I dont know anything about driftwood but I got a nice piece in the 90 gallon tank I bought last weekend. When I bought the tank it had about an 1" of gravel w/ water just covering the top of gravel and 2 large TX holey rocks.

Im thinking of using the driftwood in my peacock tank. Im assuming since it was in the tank its safe to use?? But im concerned about the white stuff...its a little powdery. Im not sure if its mold or just evaporated water residue. It has a very strong wood smell to it. And the one tip is very black and still damp. How would I know if its safe to use in my tank??


----------



## brinkles (Jan 30, 2011)

I have a similar piece that stained the water yellow for a few years! It was in a planted tank, no biggie. It's in a cichlid tank now, and the synos are very interested in it. It's covered in java fern, which the cichlids aren't interested in. I got the java to take by rubber banding pieces to the wood.

I believe you can boil it to remove some of the tannin, but it still might soften your water.


----------



## ridley25 (Jan 5, 2008)

Although I've never had a piece that big, (and that's a really nice piece!) I've always had driftwood in my tanks with no effect on my pH.

If you had an empty tank or a large rubbermaid tub you could soak it for some time and measure your pH to see if it slowly drops - this might show you some movement on the white stuff too.

I know not a thing about mould so I won't venture further than that - but I imagine a light bleach bath and a cleaning soak afterwards would deal with most potential issues.

kevin


----------



## smitty (May 7, 2004)

If you are concerned give it a good cleaning with a little bleach then rinse it very good. But I do not see you having any problems.


----------



## Bombay (Mar 5, 2004)

Check out the ARTICLES section for a new great article on driftwood.
If it has been in a tank for a while, we can assume that some of the tannins have been leached out (but assuredly, not all of them). Your pieces looks too large to boil (to remove more tannins). Nonetheless, you have a nice piece of driftwood there. It looks to be of the dense and self-sinking type. Why not utilize it! I would scrub it down slightly, but probably no need to use bleach. The white stuff is most likely mold. Gently scrub it away the first couple of times i comes back (while in the tank) and either the fish will end up removing it or it will eventually just go away.


----------



## 60gallon (Dec 14, 2010)

Thanks guys.

I took it by the self serve car wash last night and pressure washed it and the white stuff easily came off. I brought it home and baked it in the over for about an hour, then put it in a large rubbermaid to let it soak for a few days. I checked the water this morning and its crystal clear. Im assuming my PH wont drop since my waters KH is 268.5ppm or 15Ã‚Â° but I'll leave it in there for a few more days to see if it does drop.

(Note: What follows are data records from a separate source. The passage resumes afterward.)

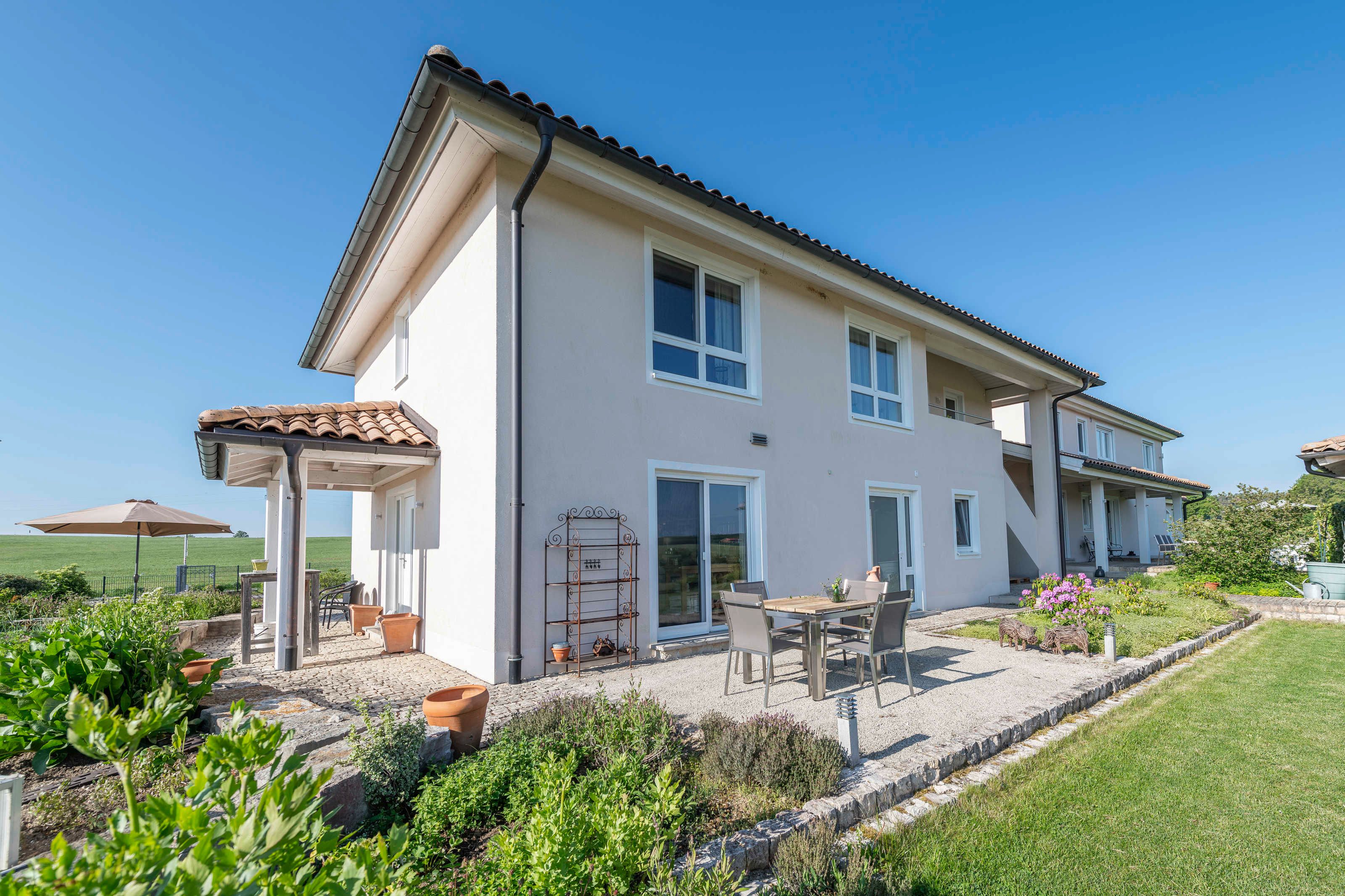 Unsere ausgewählten Baumaterialen haben wir unter dem Aspekt umweltbewusst und nachhaltig ausgesucht. Wir nutzen eine Solaranlage für das heiße Wasser und wir haben uns für eine nachhaltige Entwässerungstechnik durch eine Regenwasserzisterne entschieden. Ein behaglicher Wohnkomfort mit einem gesunden Raumklima wird durch unsere Granderwasseranlage für die Fussbodenheizung unterstützt.
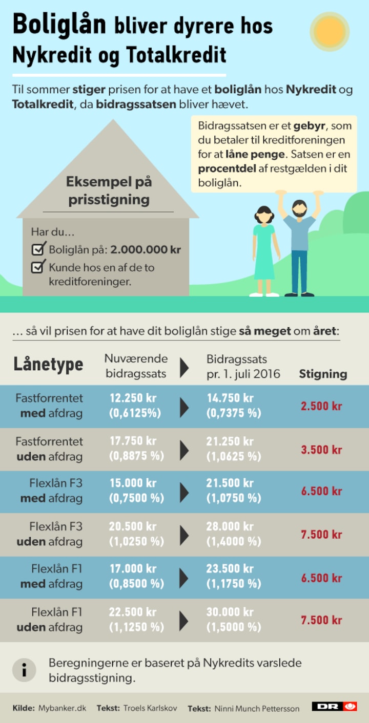 Nykredit og Totalkredit har meddelt deres kunder, at prisen for at have et boliglån hos kreditforeningerne stiger til sommer.
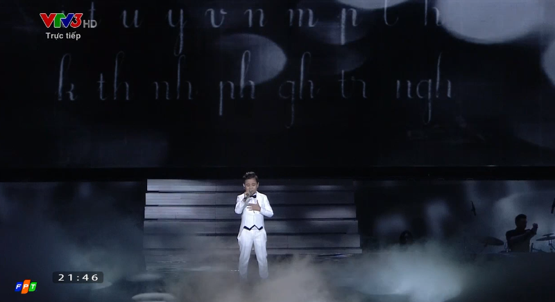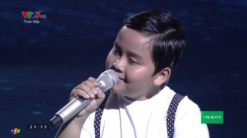 21h15: Cậu bé Đào Nguyên Thụy Bình team Vũ Cát Tường mở màn đêm liveshow 5 Giọng hát Việt Nhí 2015 với ca khúc ngọt ngào "Quê hương".
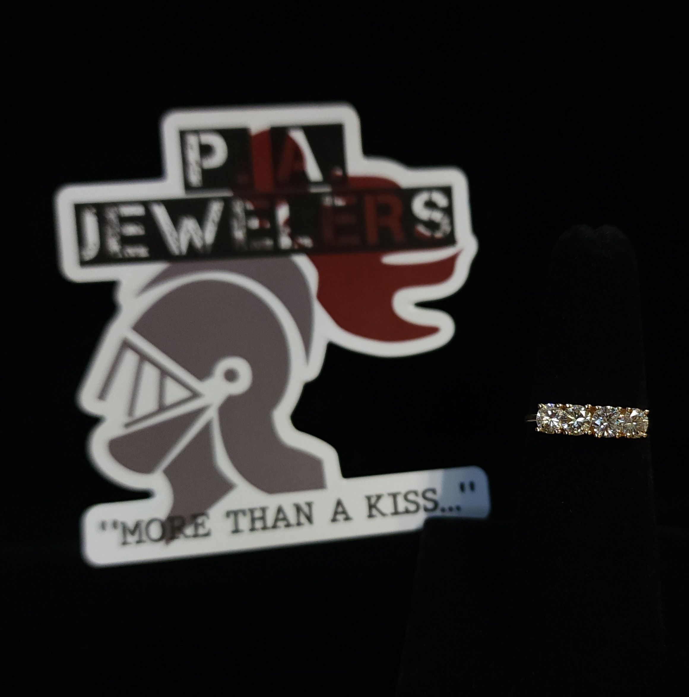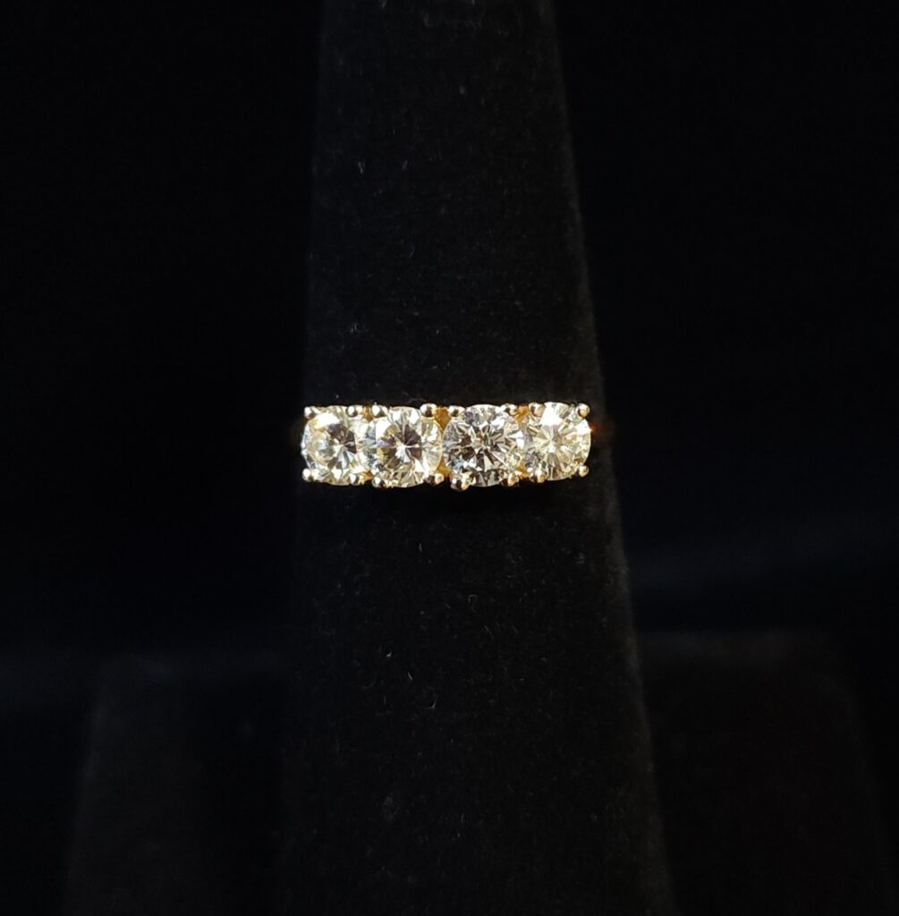 Set in 14Kt yellow gold, this gorgeous band has four 0.25Ct diamonds (1.0Ct total weight)! The size of these diamonds give this ring perfect proportion…it is absolutely beautiful! #morethanakiss #estatejewelry
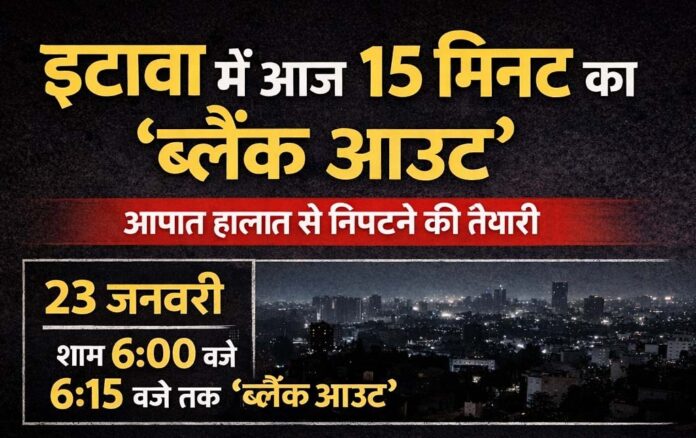 शुक्रवार, 23 जनवरी को इटावा जनपद में शाम 6:00 बजे से 6:15 बजे तक ‘ब्लैक आउट’ किया जाएगा। यह अभ्यास युद्ध जैसी आपात परिस्थितियों से निपटने की तैयारियों को परखने के उद्देश्य से जिला प्रशासन द्वारा आयोजित किया जा रहा है।

The piece of wood came with the 90 gallon tank that I bought last weekend. It was in the tank for about 3yrs. The tank also had 2 big pieces of TX holey rock with several 2-3" holes in them. :drooling: Those are going in my Moms 55 though.


----------



## brinkles (Jan 30, 2011)

If you can score some, I suggest trying to start some java fern on it - not only will it add a little color, lately, my mbuna have been spending time picking through it looking for who knows what. It's probably full of little critters for them to eat between feedings. They also sometimes pick at the algae that grows on the top side.

My piece used to be in a 29, and was big enough to just stick out of the water if it got low. White mold would grow on the part exposed to air, and never caused a problem.


----------